-- Your goal --
In the listing below, find the line containing "- 5-in-1 Bucket" and the line containing "Женские швейцарские часы". Repeat exactly those two lines and every line between them, nothing more.

-- The data --
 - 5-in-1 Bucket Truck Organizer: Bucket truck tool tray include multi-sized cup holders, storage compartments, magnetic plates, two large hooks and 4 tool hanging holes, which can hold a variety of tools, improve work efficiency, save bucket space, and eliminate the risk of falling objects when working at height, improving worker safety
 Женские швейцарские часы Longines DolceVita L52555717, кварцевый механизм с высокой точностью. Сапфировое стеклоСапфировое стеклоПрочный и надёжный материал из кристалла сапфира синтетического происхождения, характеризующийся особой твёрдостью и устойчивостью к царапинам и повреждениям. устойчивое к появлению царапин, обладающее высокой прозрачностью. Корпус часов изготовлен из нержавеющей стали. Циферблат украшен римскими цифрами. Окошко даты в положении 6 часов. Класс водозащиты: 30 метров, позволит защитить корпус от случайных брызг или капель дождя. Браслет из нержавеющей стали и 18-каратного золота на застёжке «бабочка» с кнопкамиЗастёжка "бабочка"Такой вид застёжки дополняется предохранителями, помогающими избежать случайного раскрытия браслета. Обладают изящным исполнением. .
---
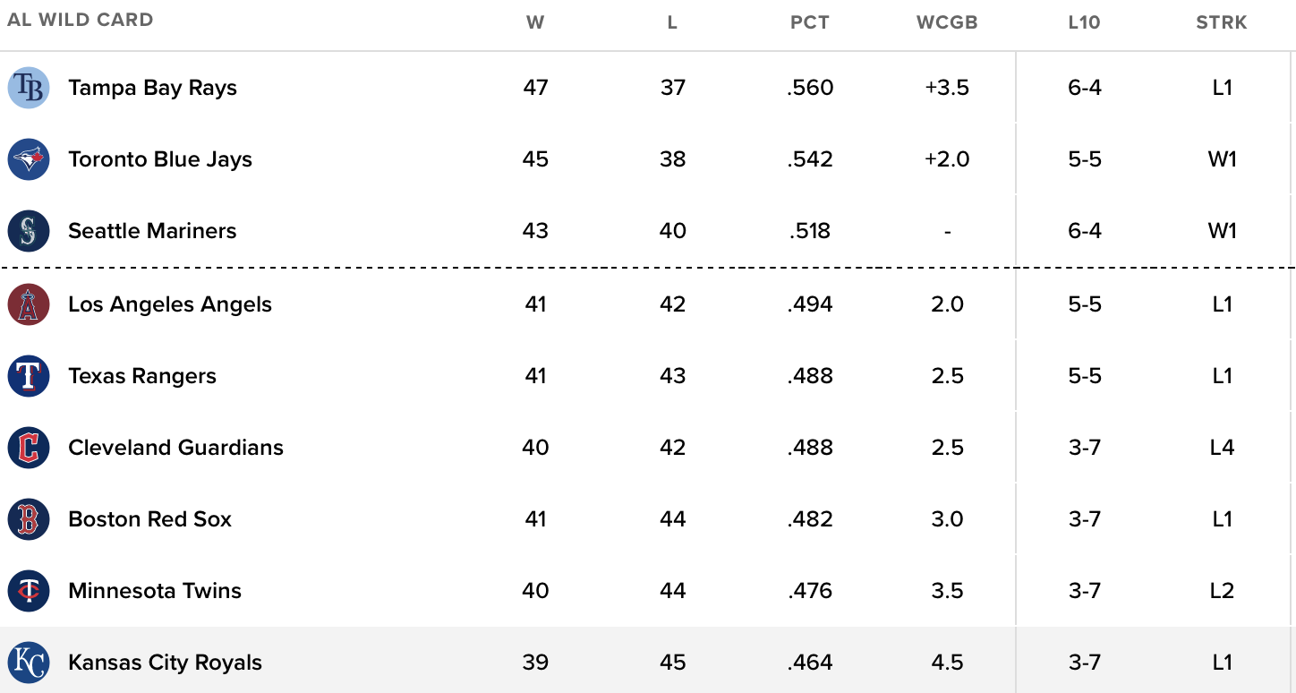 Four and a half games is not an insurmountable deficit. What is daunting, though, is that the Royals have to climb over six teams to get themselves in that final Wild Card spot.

-- Task result --
 - 5-in-1 Bucket Truck Organizer: Bucket truck tool tray include multi-sized cup holders, storage compartments, magnetic plates, two large hooks and 4 tool hanging holes, which can hold a variety of tools, improve work efficiency, save bucket space, and eliminate the risk of falling objects when working at height, improving worker safety
 Женские швейцарские часы Longines DolceVita L52555717, кварцевый механизм с высокой точностью. Сапфировое стеклоСапфировое стеклоПрочный и надёжный материал из кристалла сапфира синтетического происхождения, характеризующийся особой твёрдостью и устойчивостью к царапинам и повреждениям. устойчивое к появлению царапин, обладающее высокой прозрачностью. Корпус часов изготовлен из нержавеющей стали. Циферблат украшен римскими цифрами. Окошко даты в положении 6 часов. Класс водозащиты: 30 метров, позволит защитить корпус от случайных брызг или капель дождя. Браслет из нержавеющей стали и 18-каратного золота на застёжке «бабочка» с кнопкамиЗастёжка "бабочка"Такой вид застёжки дополняется предохранителями, помогающими избежать случайного раскрытия браслета. Обладают изящным исполнением. .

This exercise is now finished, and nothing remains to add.